Fair market value sounds good, but, in the real world, when markets are inactive, companies have been getting value estimates from brokers that use a “black box” valuation approach and may have an incentive to quote the lowest possible prices, Hunkler said.
It could be that fair value figures belong in the footnotes, or some other section of a financial statement, Hunkler said.
Scott Evans, an executive vice president in the asset management operations at Teachers Insurance and Annuity Association-College Retirement Equities Fund, New York, said regulators should simply offer additional guidance to help companies make better use of the FAS 157 rules, to let companies make more use of judgment when determining what the fair market value of assets really is, and to make adjustments if a temporary cash crunch or temporary market chaos are temporarily depressing prices.
“Management and its auditors should attempt to determine what the market would pay [for an asset] on the statement date,” Evans said. “If that number is volatile, that number is volatile.”
But managers should use their judgment to come up with reasonable asset valuations, not necessarily accept a low-ball market price simply because that would be the only price that a dysfunctional market could provide, Evans said.
But other speakers, including Patrick Finnegan, a director at the CFA Institute, Charlottesville, Va., a group for financial analysts, attacked the idea of making any effort to loosen the mark-to-market rules in an effort to keep investors calm.
“Artificial rules or measures do not fool the marketplace,” Finnegan declared.
Breaking the financial measurement thermometer will not make the patient healthier, Finnegan said.
Richard Murray, a managing director at Swiss Reinsurance Company, Zurich, and chairman of the Center for Capital Markets Competitiveness at the U.S. Chamber of Commerce, Washington, emphasized the need for the SEC and accounting regulators to proceed carefully and to consider the possibility that well-intended moves to fix reporting problems might cause new problems.
Creating a “safe harbor” to help auditors and company directors exercise judgment about asset values might be unpopular, but “it may be an essential component, at least in the short term,” Murray said.
But Murray said policymakers should take a broad view and consider the history of the current rules.
Before the Great Depression, Murray noted, mark-to-market asset accounting was a standard component of U.S. Generally Accepted Accounting Principles, but the United States moved away from that method because of a belief that mark-to-market accounting may have contributed to the problems that led to the depression.

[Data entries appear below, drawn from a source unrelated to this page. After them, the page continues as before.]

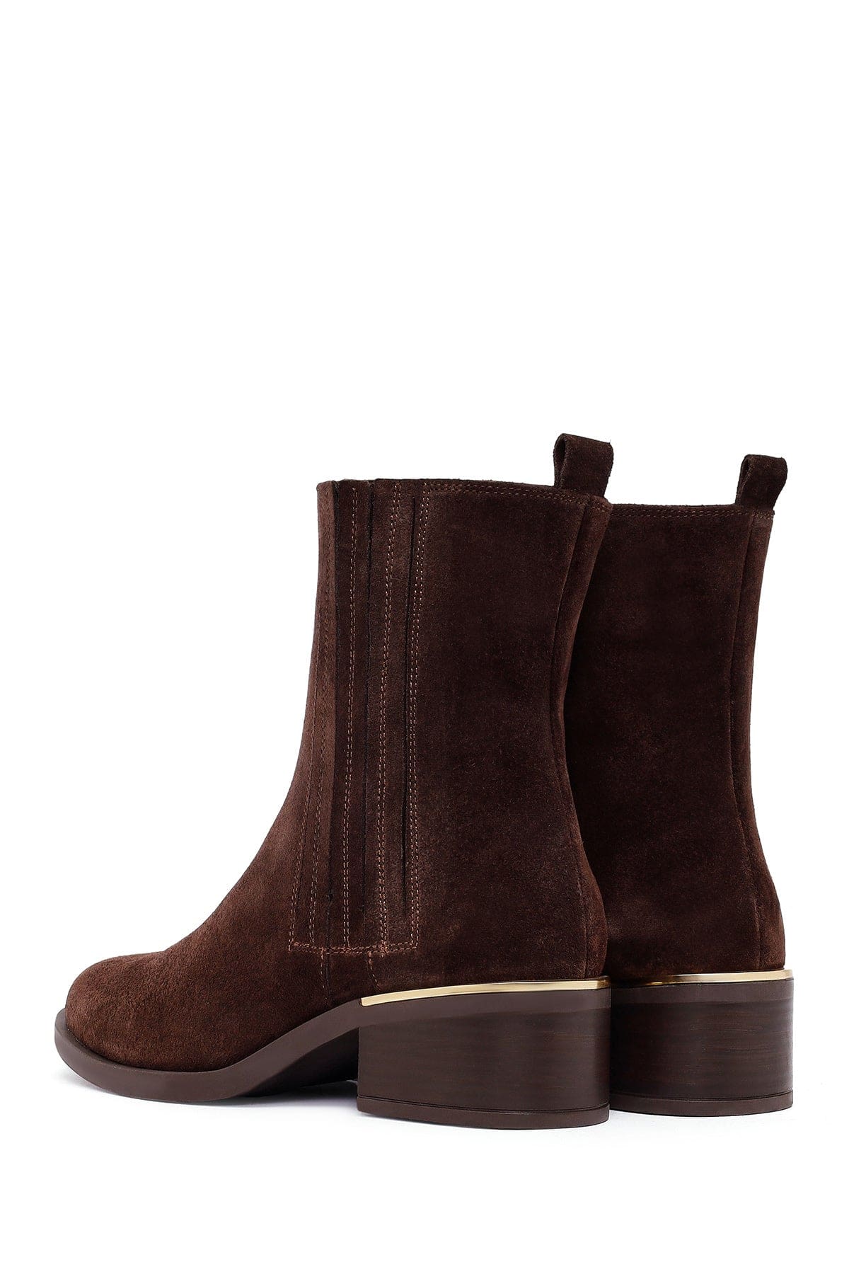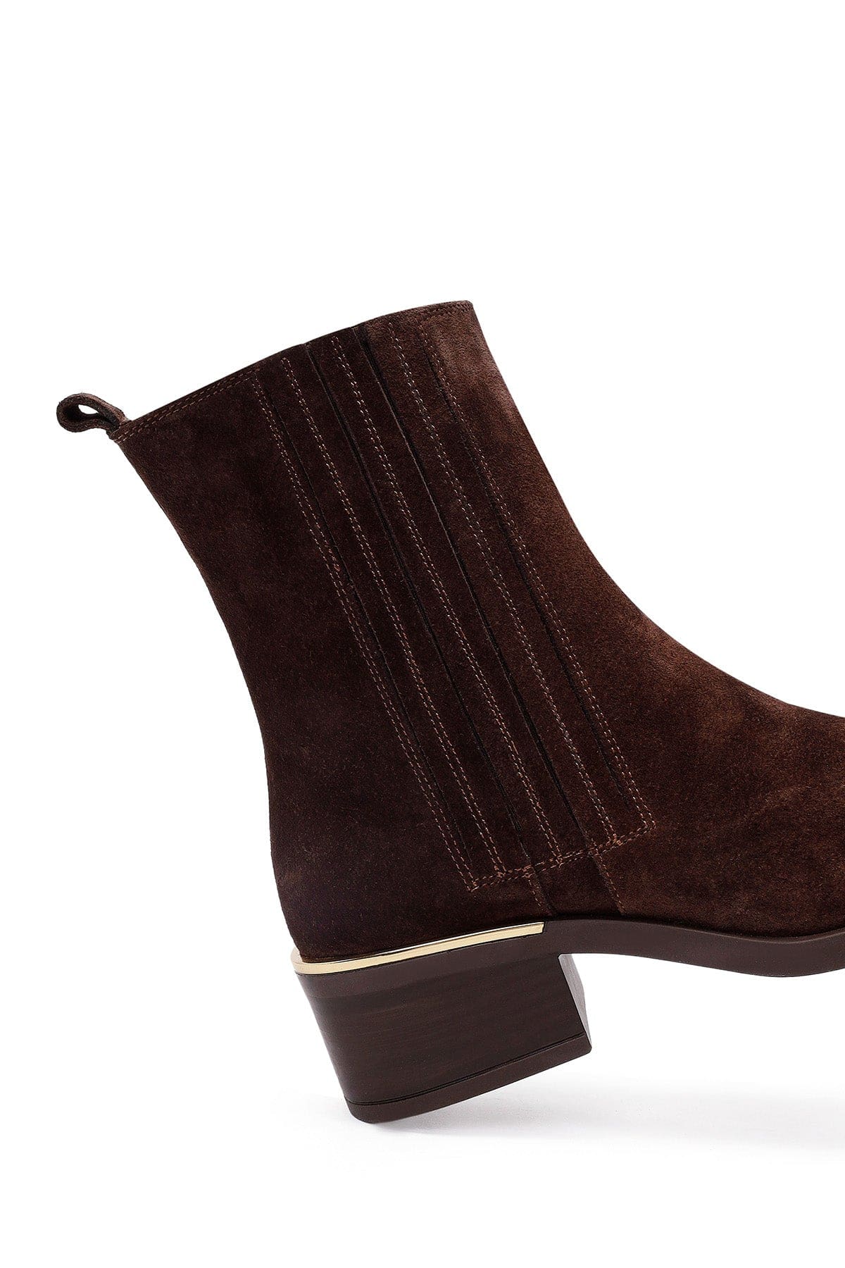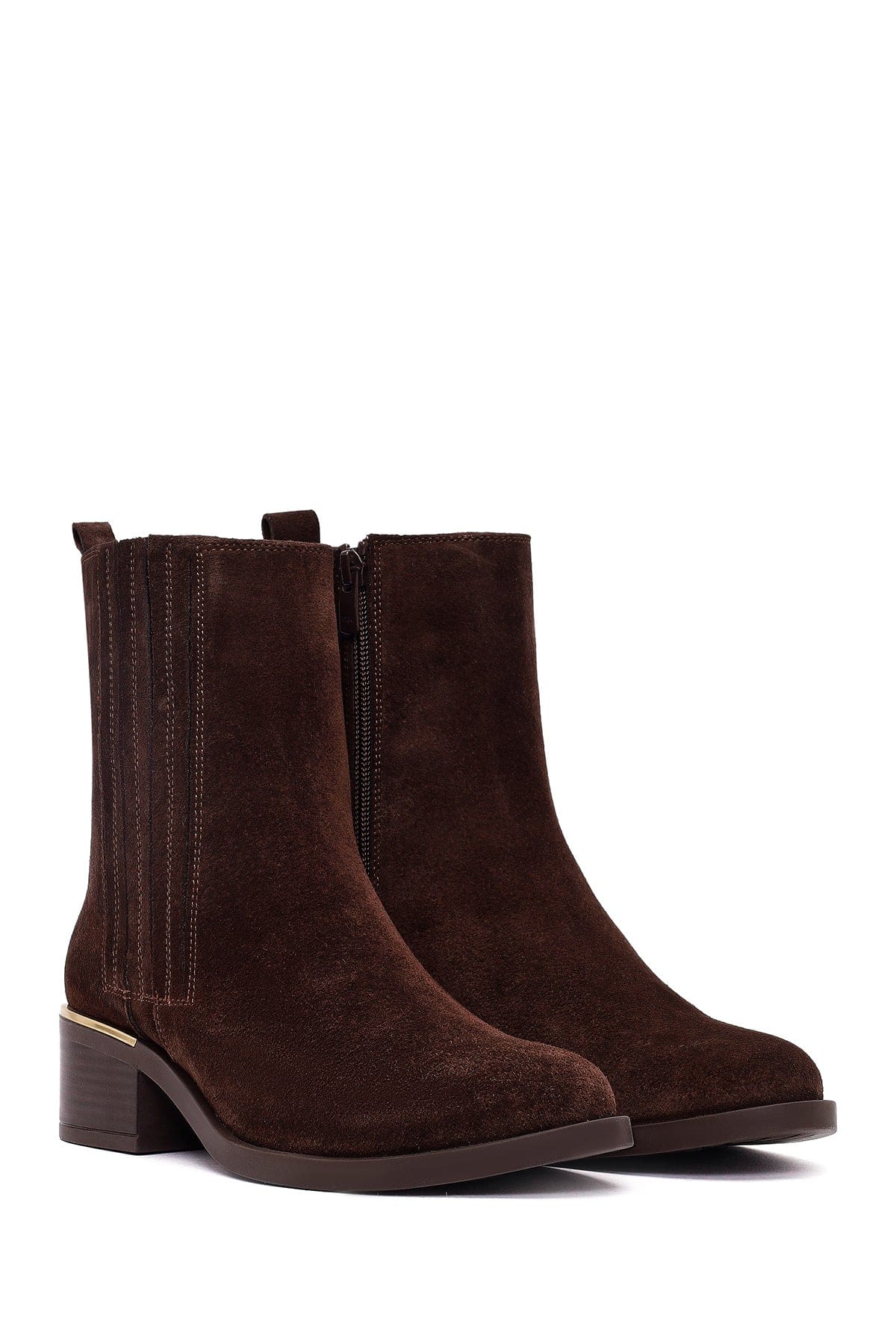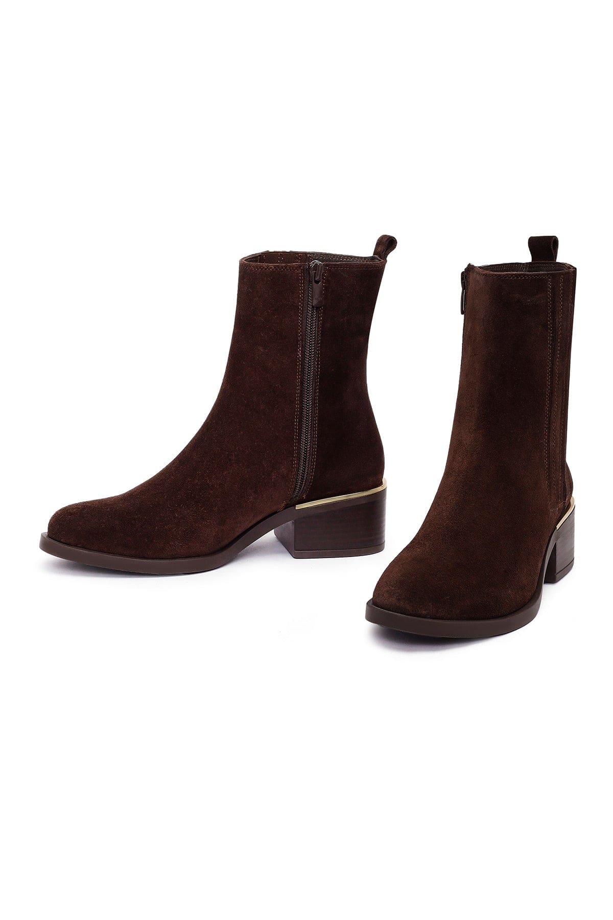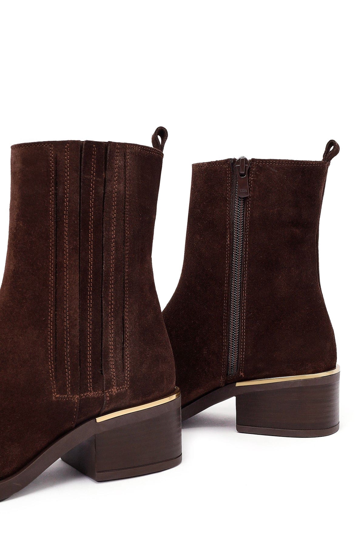 Kadın Kahverengi Fermuarlı Kısa Kalın Topuklu Süet Deri Bot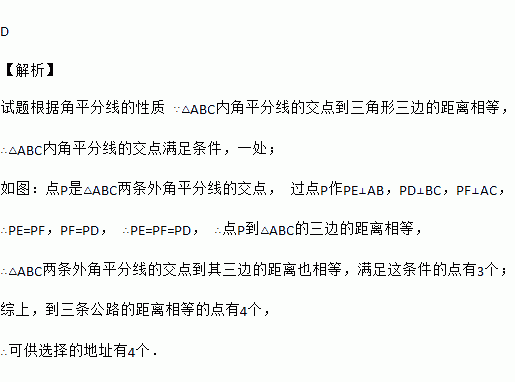 如图,直线a,b,c表示三条公路,现要建一个货物中转站,要求它到三条公路的距离相等,则可供选择的地址有( )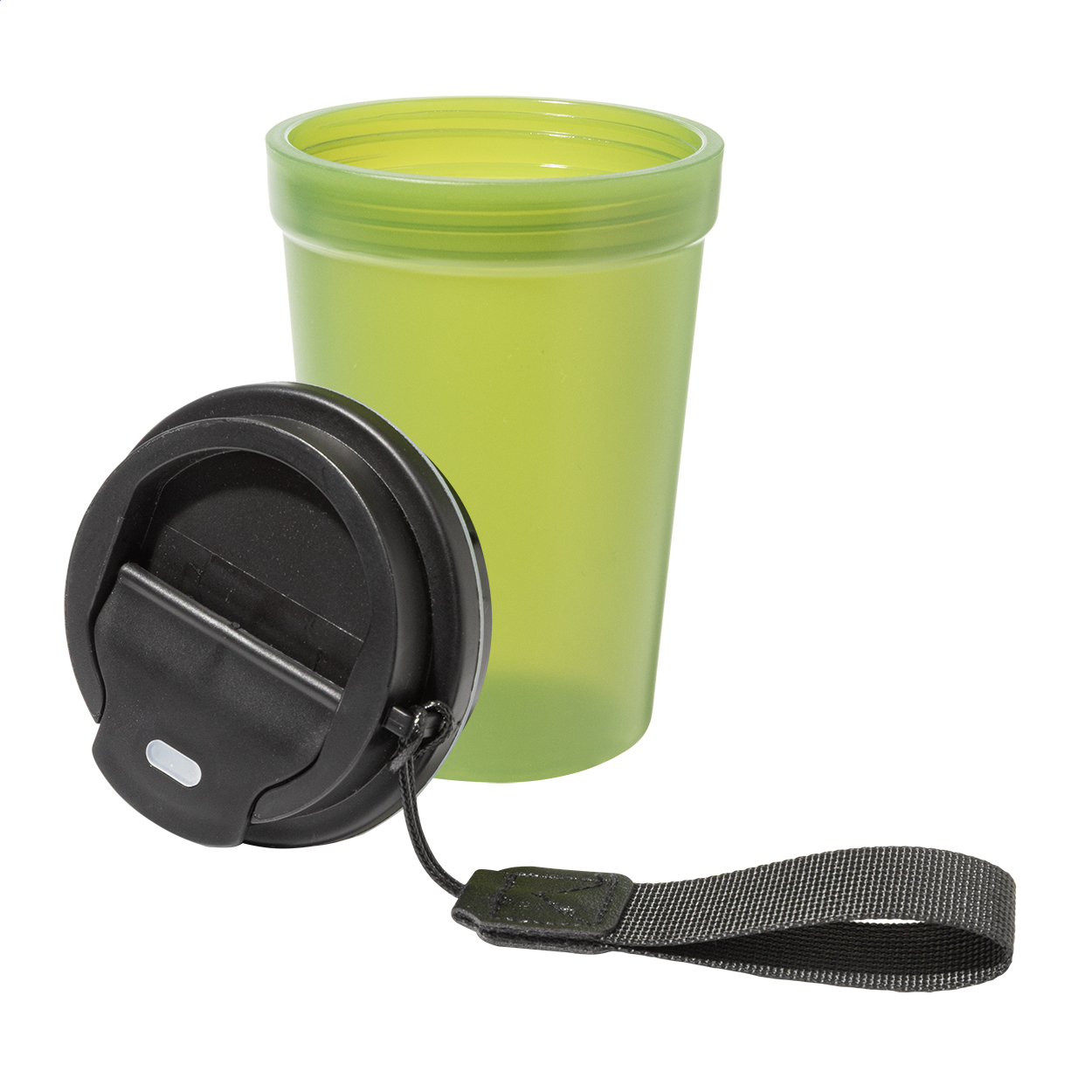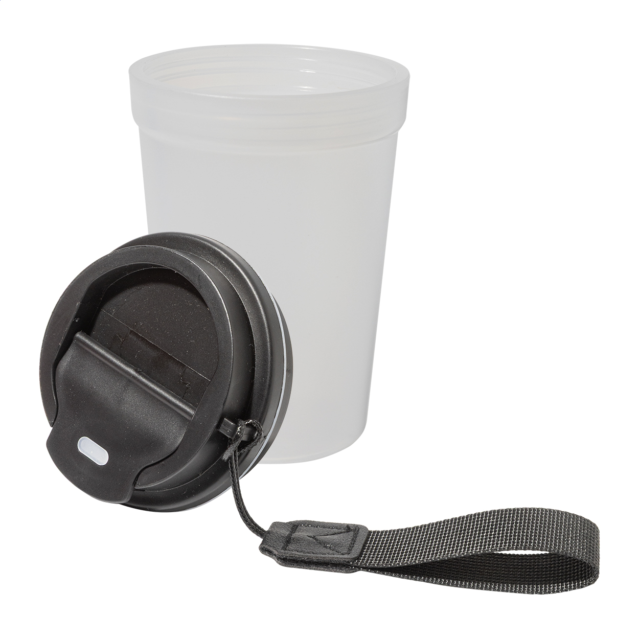 Single-wall, frosted finish PP plastic travel cup with drinking lid and RPET polyester carry strap. 400 ml.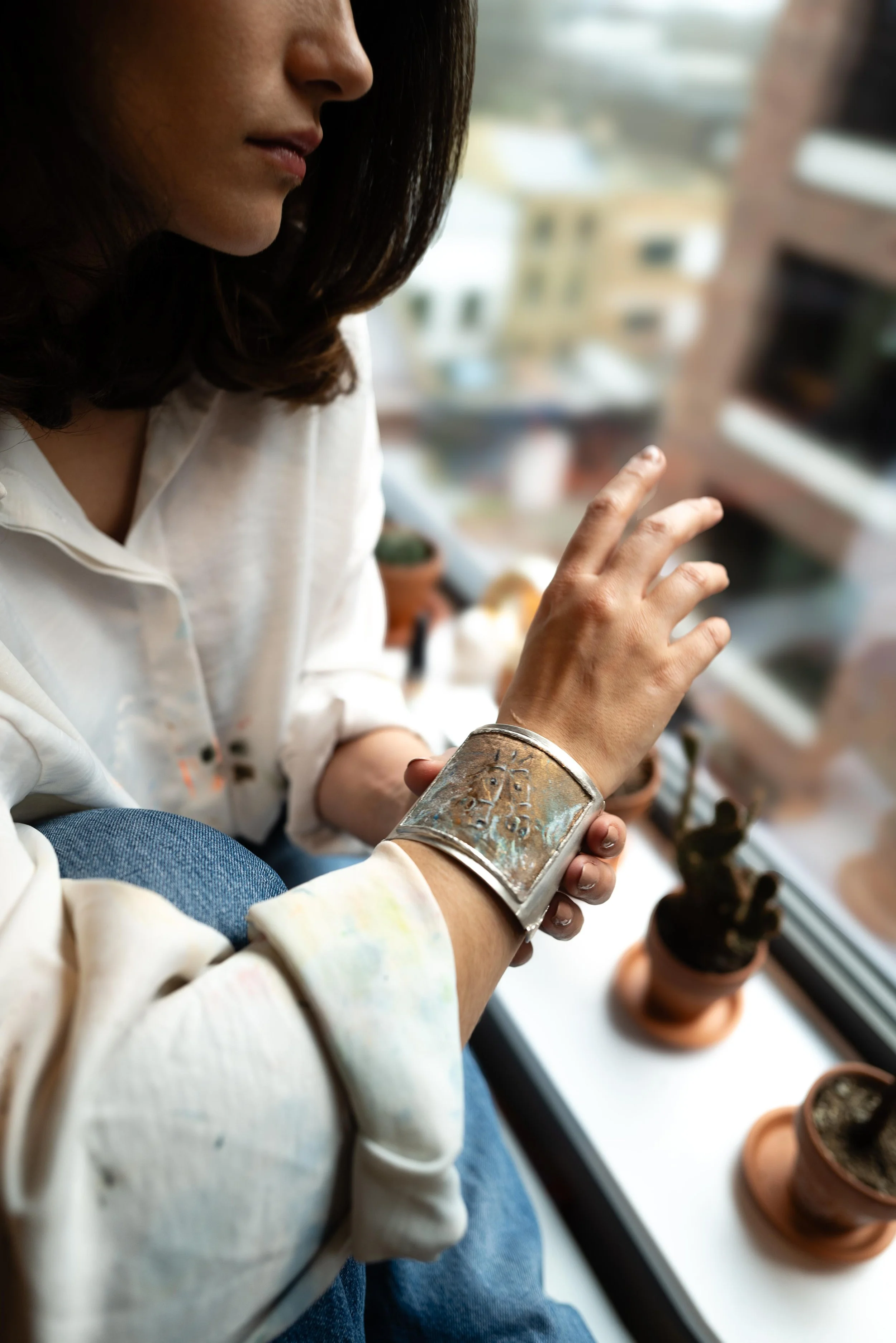 And myself, I created the cuff around the painting in etched solid Silver metal.
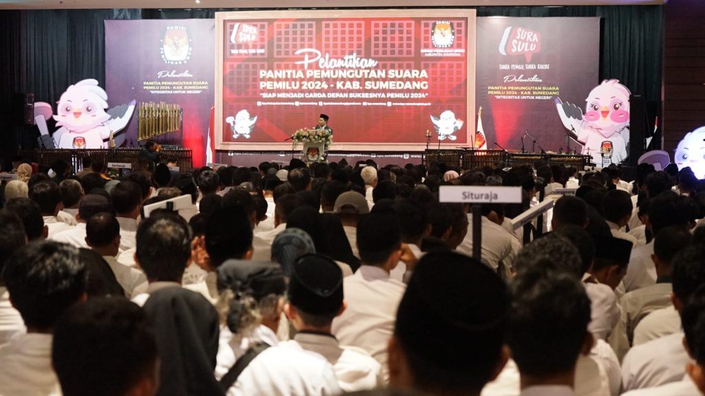 TAHUEKSPRES, SUMEDANG – Sebanyak 831 orang Panitia Pemungutan Suara (PPS) dari 26 Kecamatan se-Kabupaten Sumedang resmi dilantik sebagai panitia penyelenggara Pemilihan Umum (Pemilu) 2024 yang disaksikan langsung oleh pejabat Forum Koordinasi Pimpinan Daerah (Forkopimda) dari mulai Bupati Sumedang, Dony Ahmad Munir, Kapolres AKBP Indra Setiawan hingga Dandim 0610 Letkol Infanteri Hendrix Fahlevi Rangkuti di Graha Asia Plaza Sumedang Jawa Barat (Jabar), Selasa (24/1/2023).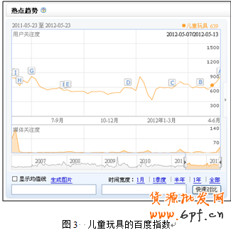 在打開的“百度指數(shù)分析”頁面中,輸入目標(biāo)關(guān)鍵詞“兒童玩具”,完成后單擊右側(cè)的“查詢”按鈕。你可以發(fā)現(xiàn)這里出現(xiàn)了很多相關(guān)的關(guān)鍵詞,“指數(shù)”顯示的數(shù)字就是百度指
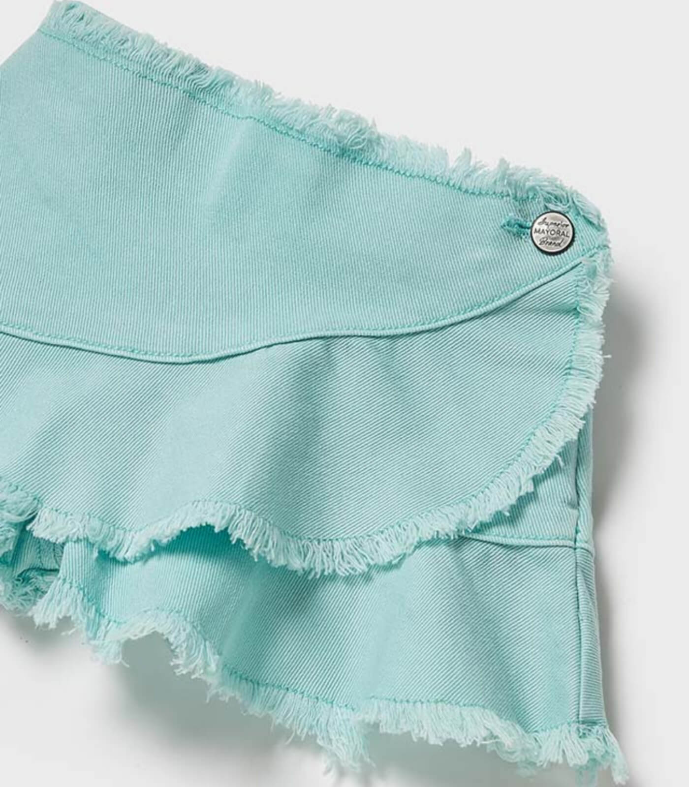 Pantalón corto volante en tono verde agua para bebe niña de 6 a 36 meses, botones en la cintura para un mayor ajuste.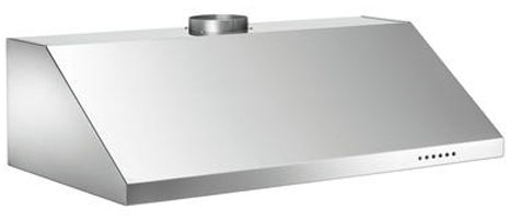 This single-motor 90 cm stainless-steel ventilation hood can either be installed with no duct cover under cabinets or with narrow duct cover. Hood chimney height is adjustable through a wide range.

Several roundtable participants said low fair market values simply reflect the effects of bad financial services company decisions and investors’ confusion about what some types of securities really are worth, rather than the effects of a temporary cash crunch.
Even under the old, historical accounting rules, financial services companies would have to be making write downs and write-offs to reflect permanent reductions in the value of some of the assets they are holding, according to Thomas Jones, vice chairman of the International Accounting Standards Board, London.
Other participants suggested separating reporting of investment value drops caused by borrower defaults and the effects of temporary liquidity problems on investment prices.
Cindy Ma, a New York valuation expert, said separating the effects of credit effects and temporary liquidity effects on asset values would be difficult.
In the long run, the best strategies the SEC and other federal regulators could use to tackle the current financial problems would be to help homeowners restructure unrealistic mortgages and to shine a light on the “shadow credit markets,” said Damon Silvers, associate general counsel at the AFL-CIO, Washington.
Encouraging too much use of managerial “judgment” in fair market valuations could lead to a “mark to mush” approach, Silvers said.
“As an investor, I find that to be profoundly disturbing,” Silvers said.